The proposed energy source for Titan’s possible life is not as viable as it may seem. While deep sea vents in Earth’s oceans do provide energy sources that help sustain the life that exists in their vicinities, their physical and chemical properties categorically rule out the possibility that life could ever originate there.²

Finally, the supply of organic molecules on Titan is not as helpful to life as some scientists suggest. While Titan’s upper atmosphere does reveal a diverse aggregate of hydrocarbon molecules, those hydrocarbons are temporary. During Titan’s seven-and-a-half year winter, no sunlight shines on its respective pole. The lack of sunlight means photolytic breakdown of hydrocarbons does not occur. Once sunlight reappears, the hydrocarbons disappear. Thus, the hydrocarbons produced in Titan’s upper atmosphere lack the locale, longevity, temperature, and abundance essential to foster the production of life molecules or even the simple building blocks of life molecules (amino acids, nucleotides, and five- and six-carbon sugars). Compounding the problem for Titan life enthusiasts is the fact that astronomers observe little or no oxygen, ammonia, or water either on Titan’s surface or in its atmosphere. Without high concentrations of these molecules, the hydrocarbons seen on Titan are irrelevant to both the origin or the sustenance of life.

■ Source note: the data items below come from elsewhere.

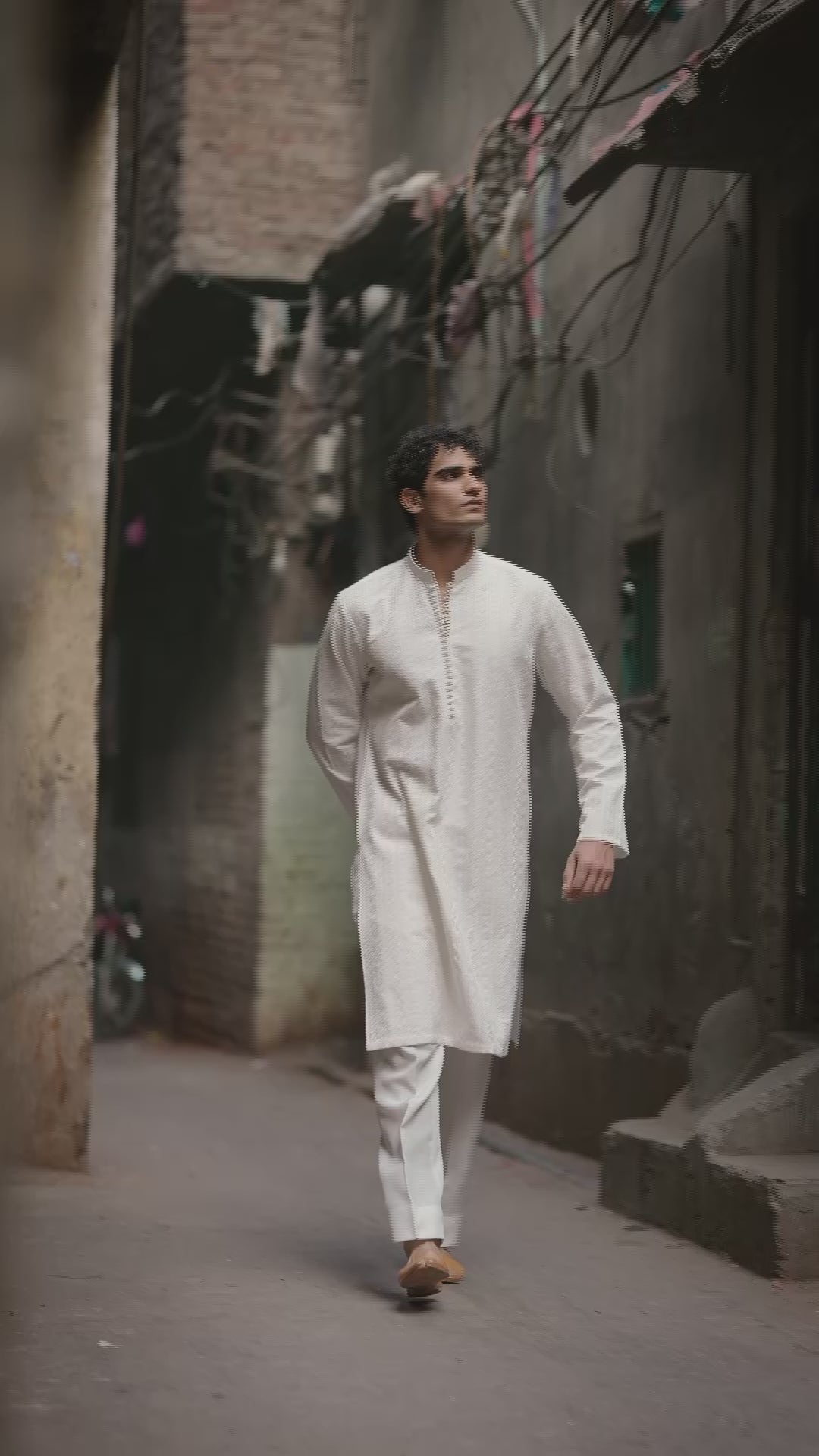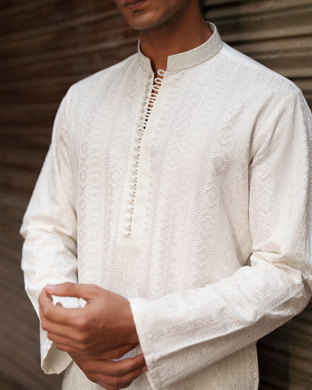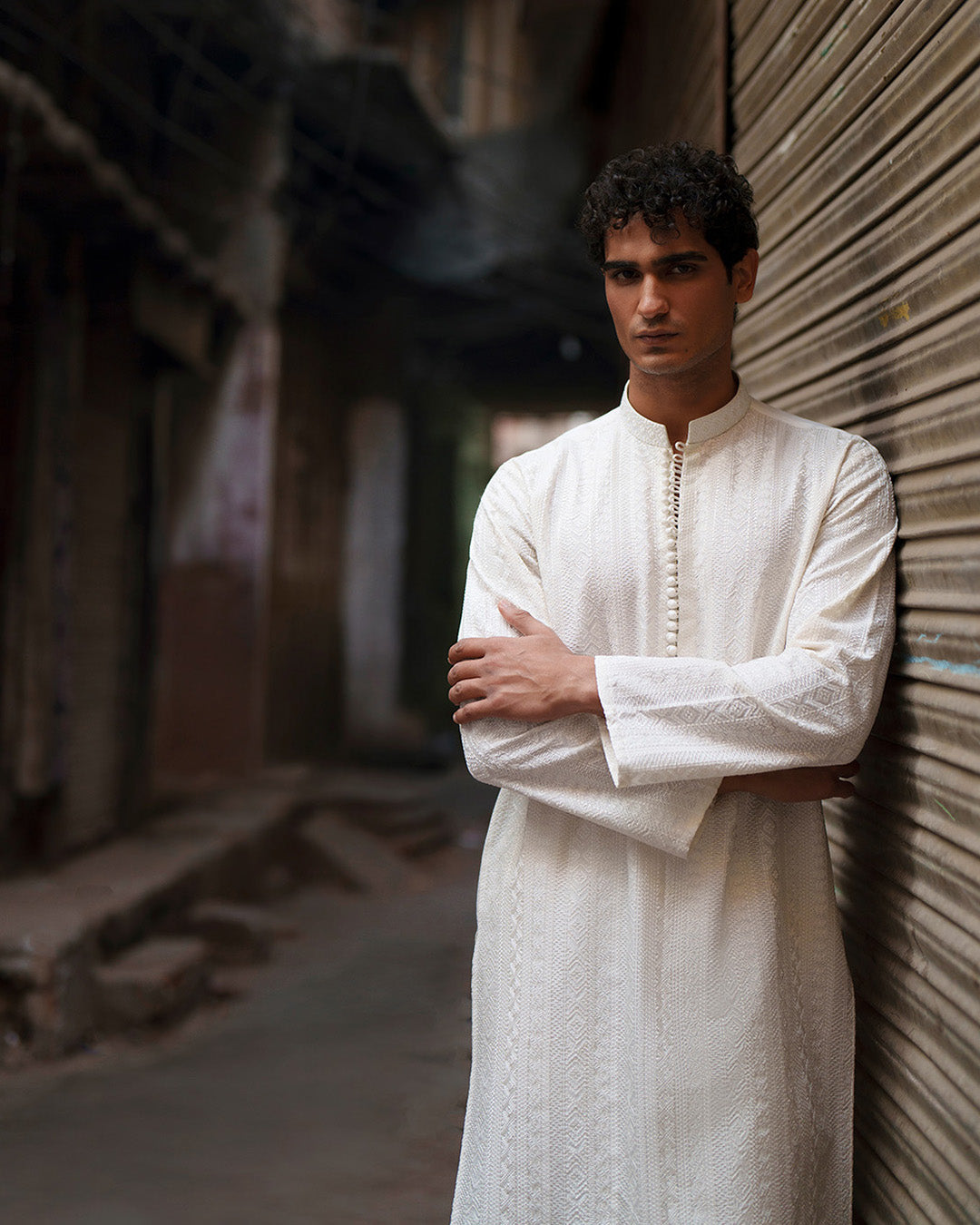 Minimal yet distinguished, Isuf elevates classic menswear through refined embroidery. The pure white embroidered kurta introduces subtle ornamentation while the matching trouser maintains clean structure and versatility. Designed for modern festivities, this ensemble balances elegance with relaxed confidence.
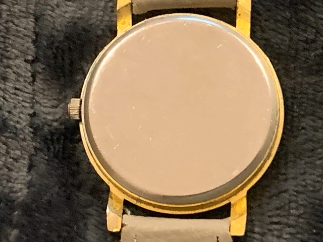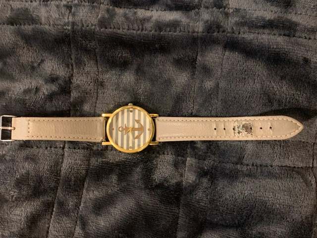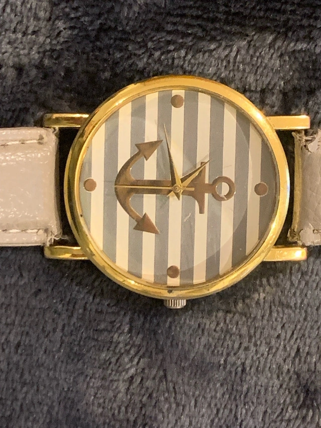 Ahoy boat and sea lovers. This quartz watch has an anchor for a dial face. Watch is running and will come with a battery installed. Wrist band has wear, see photos.
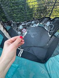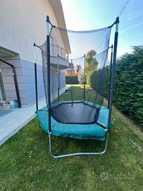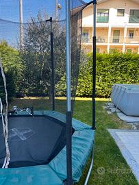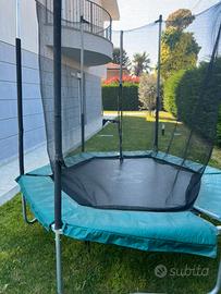 Trampolino elastico da giardino con rete di protezione, modello Domyos Exagonsl 240 marca Decathlon Dimensioni in metri: 2,4 x 2,4 x 2,52 (h). Usato ma la struttura è in buone condizioni, nulla di rotto. . Le protezioni in spugna sono un po’usurate dal tempo e dagli agenti atmosferici.
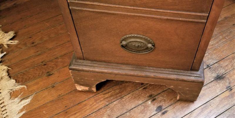 This vintage knee-hole desk has no maker's mark. All original - antique condition. Note damage at front right bottom. Good student desk or for desktop computer. Measures 22.5" deep, 42.5" across, 30" tall.
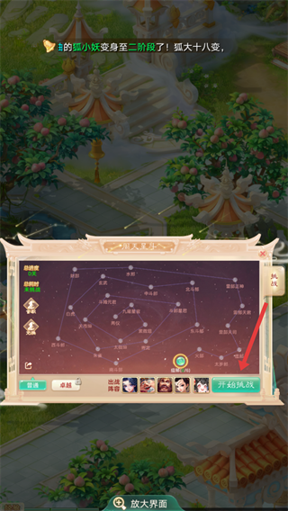 3、在周天星斗星阵界面,选择出战阵容后,点击【开始挑战】,进入关卡战斗。
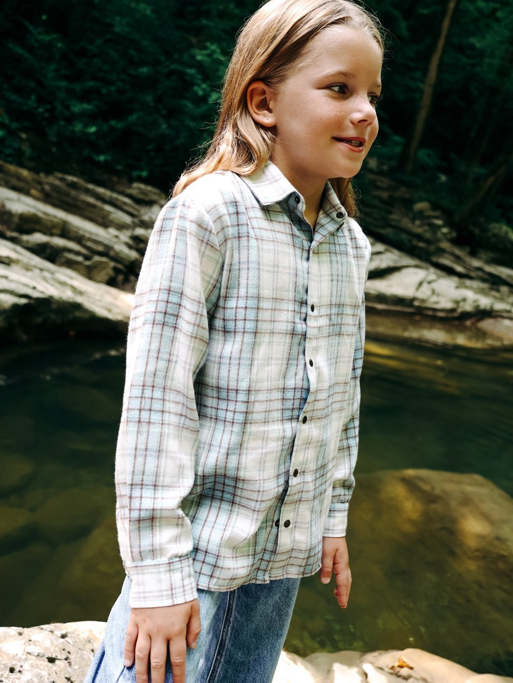 Рубашка силуэта овер-сайз из фланели. Спущеная линия плеча, центральная застежка на кнопки.
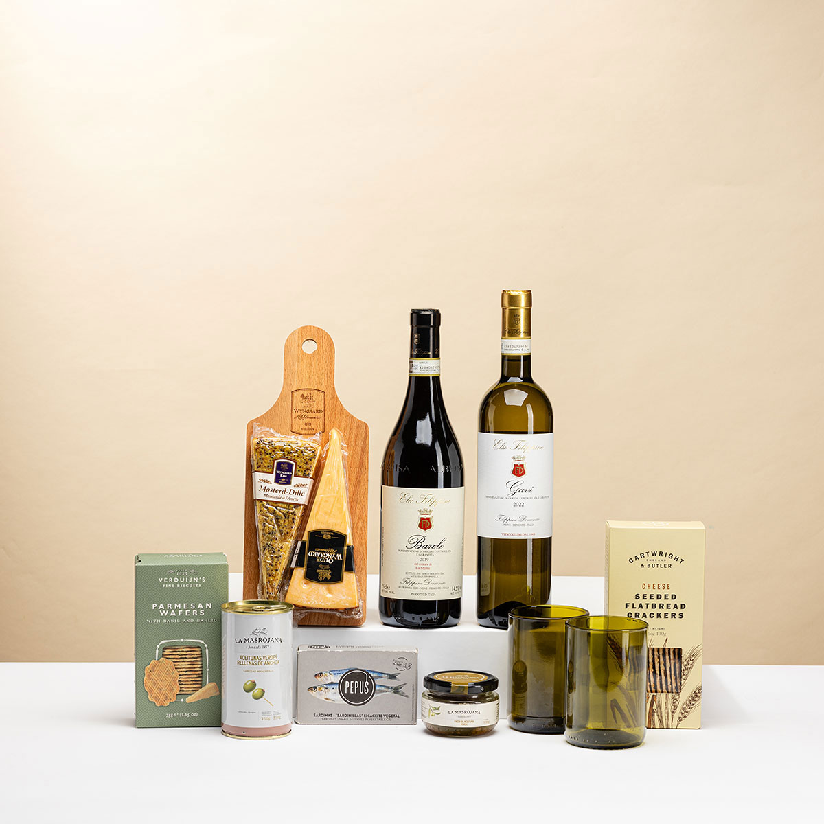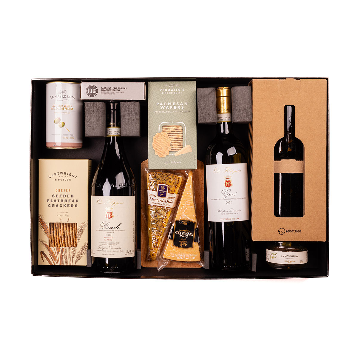 Sirotez le vin dans les gobelets Rebottled tout en dégustant les fromages Wyngaard Dutch Aged & Mustard sur un plateau en bois. Un assortiment de crackers croustillants, de tapenade, de mini-sardines et d'olives aux anchois complète cet impressionnant cadeau vin et fromage.
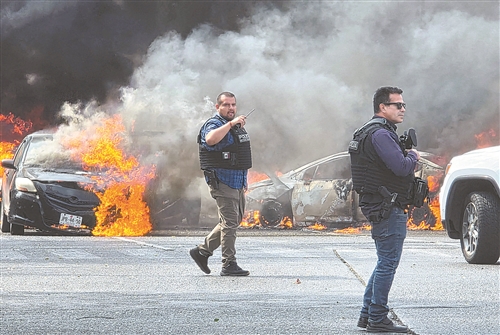 2月22日,在墨西哥哈利斯科州萨波潘,警察在被焚烧的车辆旁警戒。 新华社/路 透
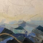 Mixed media collage. Ferron layers topographic maps and aerial imagery with cerulean and prussian blue watercolor washes; cut-paper mountain silhouettes in raw umber and ochre rise above the cartographic ground. Maps have been a recurring material in her practice since the MapScapes series — not as decoration but as substrate, layered beneath painted and cut forms. Navigation as literal fact, then visual field. $3,250. International shipping available.
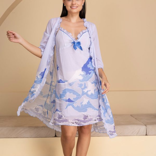 | Content | A border print chiffon nightgown set features a lightweight and flowing design, often adorned with a decorative border along the hem or neckline. Here are some key points to consider:

Titan provides yet one more example of the notion that the more scientists learn about the solar system the more evidence they accumulate for the supernatural, super-intelligent design of Earth for the support of life. Research on Titan also strengthens the scientific case that life’s origin demands a supernatural explanation.

1. Christophe Sotin and Gabriel Tobie, “Planetary Science: Titan’s Hidden Ocean,” Science 319 (March 21, 2008): 1629-30; Ralph D. Lorenz et al., “Titan’s Rotation Reveals an Internal Ocean and Changing Zonal Winds,” Science 319 (March 21, 2008): 1649-51.
2. Fazale Rana and Hugh Ross, Origins of Life (Colorado Springs: NavPress, 2004): 102-03, 112-13, 149.